# Poachers Using Published Data For Endangered Animals.



## RoryBreaker (May 27, 2017)

http://mobile.abc.net.au/news/2017-05-27/poachers-anu-canberra-endangered-animals/8565182


----------



## dragonlover1 (May 27, 2017)

crap,we can't say anything anymore or else the scumbags will get into it

So from now on we say I saw X at Y and it was beautiful ?.....doesn't that go against all the the things we have been trying to promote?
People are always asking for for herp locations,do we now keep all our locations secret?
FFFF scumbags piss me off


----------



## GBWhite (May 27, 2017)

Always keep locations secret. I actually cringe when I see people answering queries on locations. It's a pity that this has to be the case but what's described in the article has always been the same ever since I started looking at herps back in the 60's. Over the years I've seen countless pristine locations absolutely decimated by collectors and those wishing to photograph specific species. I can't recall the number of times over the years I've gone to an area to have a look around and/or to do field work and instead ended up spending the day putting flipped rocks and logs back into their original position.


----------



## Nero Egernia (May 27, 2017)

GBWhite said:


> Always keep locations secret. I actually cringe when I see people answering queries on locations. It's a pity that this has to be the case but what's described in the article has always been the same ever since I started looking at herps back in the 60's. Over the years I've seen countless pristine locations absolutely decimated by collectors and those wishing to photograph specific species. I can't recall the number of times over the years I've gone to an area to have a look around and/or to do field work and instead ended up spending the day putting flipped rocks and logs back into their original position.

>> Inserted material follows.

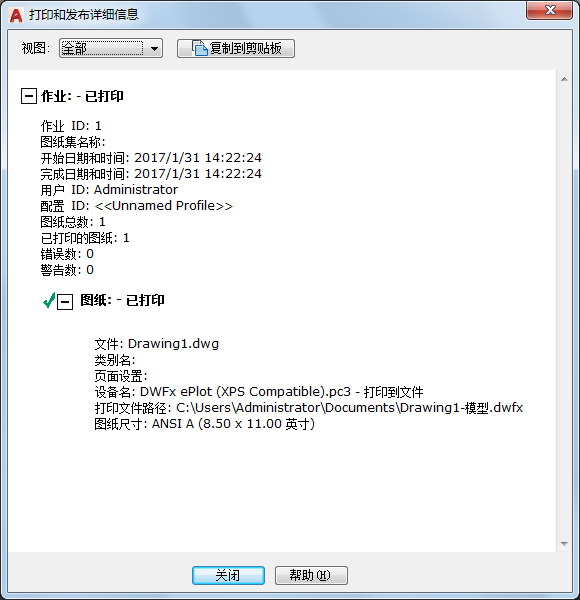 显示关于所有完成的打印和发布作业以及这些作业中的图纸的信息。

It's sad that it has come to this. As a child I distinctively remember bush walking with my Nanna. She loved looking at the orchids and wildflowers, while I loved searching for reptiles and creepy crawlies under rocks and logs. One of the first things she drummed into my head was to place back these objects the same way I found them so as not to destroy their homes.


----------



## Wally (May 27, 2017)

Typical crims. To effing lazy to do the leg work......


----------



## Yellowtail (May 28, 2017)

They are not all lazy. I do a lot of off track bushwalking and I regularly see evidence of illegal activities. One such spot, a remote bluff in the Kuringai National Park 2k and a lot of tough climbing from the nearest track of any sort, much further from the nearest fire trail and 8k from nearest vehicle access. Every flat piece of rock was overturned presumably by someone looking for broad heads or geckos, and the usual rubbish left behind.


----------



## pythoninfinite (May 28, 2017)

One of the sad results of WA allowing a wild take of Stimson's Pythons for so many years has been the wrecking of a huge number of wheatbelt granite outcrops...

Jamie


----------



## NickGeee (Jun 4, 2017)

Aprasia would not be targeted by poachers.


----------



## GBWhite (Jun 10, 2017)

NickGeee said:


> Aprasia would not be targeted by poachers.


 
I'm not so sure about that Nick? It's surprising what people want and the measures some will take to obtain them. I'm sure you're aware that there is a lucrative black market, both here and offshore, for species of Aussie herps that are classified as endangered and not readily available. This would include Aprasia parapulchella.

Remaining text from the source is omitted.